-- DATA SUPPLIED --

* * * * * * *

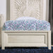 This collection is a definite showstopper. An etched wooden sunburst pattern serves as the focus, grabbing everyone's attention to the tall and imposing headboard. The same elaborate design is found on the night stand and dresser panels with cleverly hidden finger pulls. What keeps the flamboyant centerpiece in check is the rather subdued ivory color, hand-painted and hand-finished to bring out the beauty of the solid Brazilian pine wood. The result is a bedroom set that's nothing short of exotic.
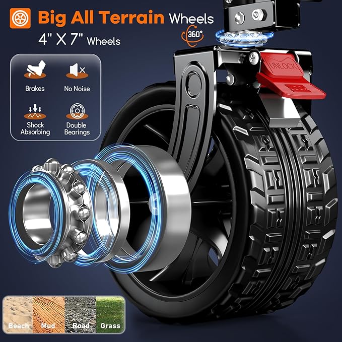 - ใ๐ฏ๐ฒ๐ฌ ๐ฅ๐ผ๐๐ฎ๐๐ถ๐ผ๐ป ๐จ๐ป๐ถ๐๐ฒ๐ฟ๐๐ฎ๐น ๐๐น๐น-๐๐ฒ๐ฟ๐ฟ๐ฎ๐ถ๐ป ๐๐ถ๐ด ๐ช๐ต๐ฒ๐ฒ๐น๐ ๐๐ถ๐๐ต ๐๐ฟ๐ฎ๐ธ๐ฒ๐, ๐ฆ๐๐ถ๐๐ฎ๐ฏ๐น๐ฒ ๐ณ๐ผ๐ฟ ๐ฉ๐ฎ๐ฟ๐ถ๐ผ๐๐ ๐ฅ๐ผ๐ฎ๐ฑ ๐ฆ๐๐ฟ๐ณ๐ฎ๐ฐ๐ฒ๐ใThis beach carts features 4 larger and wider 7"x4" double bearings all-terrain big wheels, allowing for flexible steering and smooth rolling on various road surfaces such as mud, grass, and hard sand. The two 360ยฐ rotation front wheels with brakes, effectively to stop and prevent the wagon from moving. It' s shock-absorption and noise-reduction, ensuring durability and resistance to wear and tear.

* * * * * * *

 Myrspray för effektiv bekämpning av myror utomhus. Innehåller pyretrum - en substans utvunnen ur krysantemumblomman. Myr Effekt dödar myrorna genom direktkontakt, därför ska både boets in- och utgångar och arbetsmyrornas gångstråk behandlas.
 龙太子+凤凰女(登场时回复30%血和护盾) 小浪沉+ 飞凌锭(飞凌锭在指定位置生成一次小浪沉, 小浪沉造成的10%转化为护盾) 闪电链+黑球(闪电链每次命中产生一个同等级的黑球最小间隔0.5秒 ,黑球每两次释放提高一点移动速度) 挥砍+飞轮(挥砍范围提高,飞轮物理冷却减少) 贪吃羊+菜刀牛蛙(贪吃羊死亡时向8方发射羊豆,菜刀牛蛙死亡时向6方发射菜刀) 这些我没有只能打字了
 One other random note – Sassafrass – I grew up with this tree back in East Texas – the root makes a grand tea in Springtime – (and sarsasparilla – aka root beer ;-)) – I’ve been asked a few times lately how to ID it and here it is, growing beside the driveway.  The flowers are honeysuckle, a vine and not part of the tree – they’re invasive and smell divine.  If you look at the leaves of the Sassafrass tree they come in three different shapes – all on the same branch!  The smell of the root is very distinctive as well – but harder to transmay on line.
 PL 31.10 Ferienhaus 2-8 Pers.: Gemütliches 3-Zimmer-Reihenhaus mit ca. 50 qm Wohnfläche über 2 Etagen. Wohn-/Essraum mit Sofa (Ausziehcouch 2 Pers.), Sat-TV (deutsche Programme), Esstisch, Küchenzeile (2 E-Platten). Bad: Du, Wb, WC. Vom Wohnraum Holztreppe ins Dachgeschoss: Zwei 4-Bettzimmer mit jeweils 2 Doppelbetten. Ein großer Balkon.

* * * * * * *

-- WHAT THE TASK REQUIRES --
Exact duplication is required for the lines above, from the line that contains "龙太子+凤凰女(登场时回复30%血和护盾) 小浪沉+ 飞凌锭(飞凌锭在指定位置生成一次小浪沉, 小浪沉造成的10%转化为护盾)" to the line that contains "PL 31.10 Ferienhaus", inclusive; omit all others.

-- OUTPUT BELOW --
 龙太子+凤凰女(登场时回复30%血和护盾) 小浪沉+ 飞凌锭(飞凌锭在指定位置生成一次小浪沉, 小浪沉造成的10%转化为护盾) 闪电链+黑球(闪电链每次命中产生一个同等级的黑球最小间隔0.5秒 ,黑球每两次释放提高一点移动速度) 挥砍+飞轮(挥砍范围提高,飞轮物理冷却减少) 贪吃羊+菜刀牛蛙(贪吃羊死亡时向8方发射羊豆,菜刀牛蛙死亡时向6方发射菜刀) 这些我没有只能打字了
 One other random note – Sassafrass – I grew up with this tree back in East Texas – the root makes a grand tea in Springtime – (and sarsasparilla – aka root beer ;-)) – I’ve been asked a few times lately how to ID it and here it is, growing beside the driveway.  The flowers are honeysuckle, a vine and not part of the tree – they’re invasive and smell divine.  If you look at the leaves of the Sassafrass tree they come in three different shapes – all on the same branch!  The smell of the root is very distinctive as well – but harder to transmay on line.
 PL 31.10 Ferienhaus 2-8 Pers.: Gemütliches 3-Zimmer-Reihenhaus mit ca. 50 qm Wohnfläche über 2 Etagen. Wohn-/Essraum mit Sofa (Ausziehcouch 2 Pers.), Sat-TV (deutsche Programme), Esstisch, Küchenzeile (2 E-Platten). Bad: Du, Wb, WC. Vom Wohnraum Holztreppe ins Dachgeschoss: Zwei 4-Bettzimmer mit jeweils 2 Doppelbetten. Ein großer Balkon.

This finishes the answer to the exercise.